Don’t forget the BNPL companies like AFRM & KPLT, they are likely to also trend down with these higher interest rates. Either though people deciding to use their service less if they have to start paying higher interest rates, or simply failing to pay.


I wonder how higher rates would have an outsized impact on fintech. I’ve always thought the default rate would be the stronger catalyst and has been for Affirm. But if rates rise across the board would that hurt fintech more than traditional lenders and if so, why?

1 Like

I’m very bullish on SOFI long term. Both my parents have been in real estate for 40+ years. One does commercial and the other residential. Rate hikes are bullish for lenders, typically. So I’m not worried there. The student loan moratorium being lifted is definitely a potential near term catalyst, but it’s iffy. I wouldn’t surprised if it gets extended. But the resumption of loan payments will cause a nice spike, and May 1st is the day that might happen, but again an extension is just as likely. Even still, SOFI had good earnings with good guidance and any price under IPO is a steal of you plan to hold long term.

But this is a pure buy share and hold play. Or option leaps at least a year out. Near term would be straddles for May 1st. Personally, I’m just sitting on a fuck ton of shares.

Im reading more into UPST and my initial thought is it is different from SOFI / SQ. I think Upstart should be more compared to Lendingtree but lending tree has a bank charter. Just posting this here incase others have viewpoints on UPST. I am very new to these concepts but I would think that with increasing increase rates it should work out in a few ways.

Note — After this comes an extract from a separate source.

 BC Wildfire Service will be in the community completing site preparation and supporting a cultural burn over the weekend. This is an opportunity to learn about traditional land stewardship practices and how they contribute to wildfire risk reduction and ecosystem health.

  1. Influx of borrows to take advantage of lower fixed unsecured loans
  2. Leveragering of technology to identify lower risk borrows during higher rated loans

Also im gonna be biased here and I need to understand who Upstart’s demographics here are. If its true that they identify people who have career progression for loans then I dont think they will try to lower their standards to get more income but just become more of a competitive advantage when using their service and that their target audience are going to be the ones who wont be severely impacted since their income can outgrow inflation rates.

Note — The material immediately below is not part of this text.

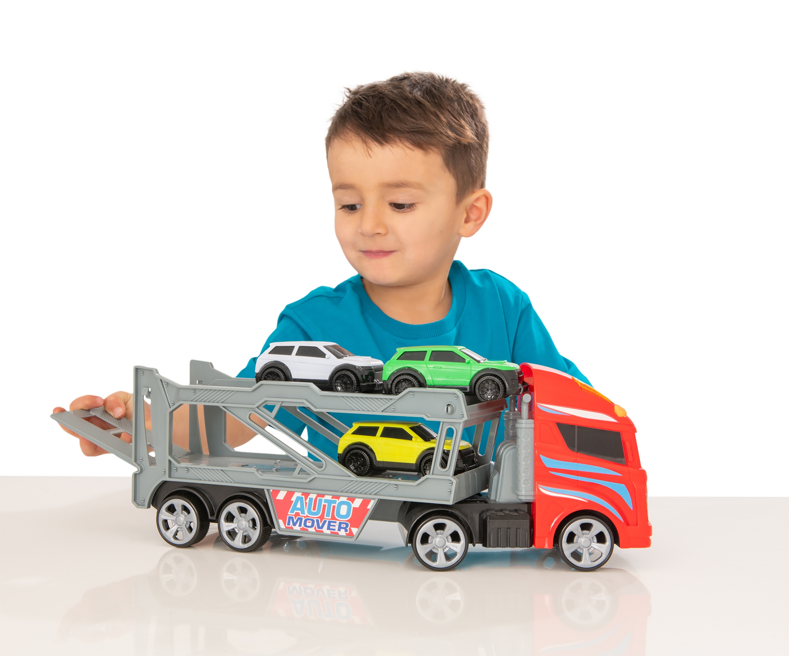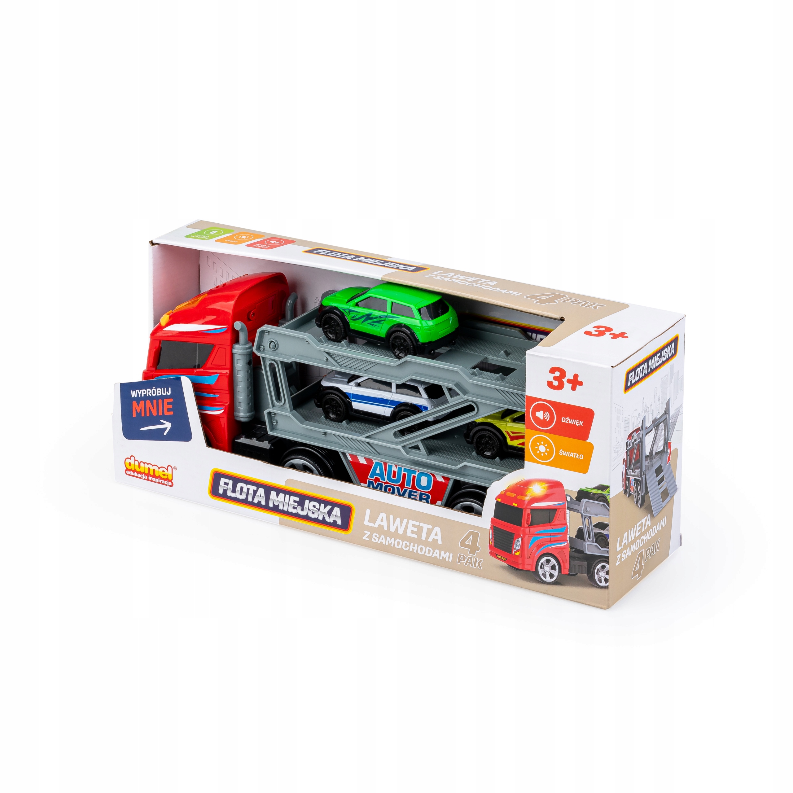 Znajdziemy tu dużą, dwupoziomową lawetę, która wiezie 3 samochody. Laweta posiada opuszczany najazd, a także wyposażona jest w światełka i realistyczne odgłosy. Taki zestaw z pewnością zadowoli każdego młodego miłośnika czterech kółek i jego kolegów!

Currently Im researching UPST looking at their platforms and looking at their Q4 earnings report and forecast.

I always thought upstart was mostly used by banks & credit unions to give a ai-enhanced “credit worthiness” rating that covers more information than traditional FICO scores or other basic information banks used in the past with their own in-house systems.

I would assume their model is some base service flat-rate + some sort of charge per-application or possibly even a slice of commission on approved loans.

Yes that is correct. So their value comes from their algo being accurate and still providing value. Which is why I would think , conceptually , upstart will have advantage since the tightning of unsecured loans can use advanced modeling to lower risk and lower rates to be competitive. If employement stays up and UPST target demographic rate of wage growth beats inflation then I would think that UPST will do amazingly well.

The problem with SOFI in my opinion is not the fundamental or the financial data. the fact that they prioritize growth over investor relations and make purchases with stocks causing dilution or the SBC which is 40% of their revenue currently seems a little too drastic.

The company is great, I just think we will have better entry opportunities and it is currently overvalued.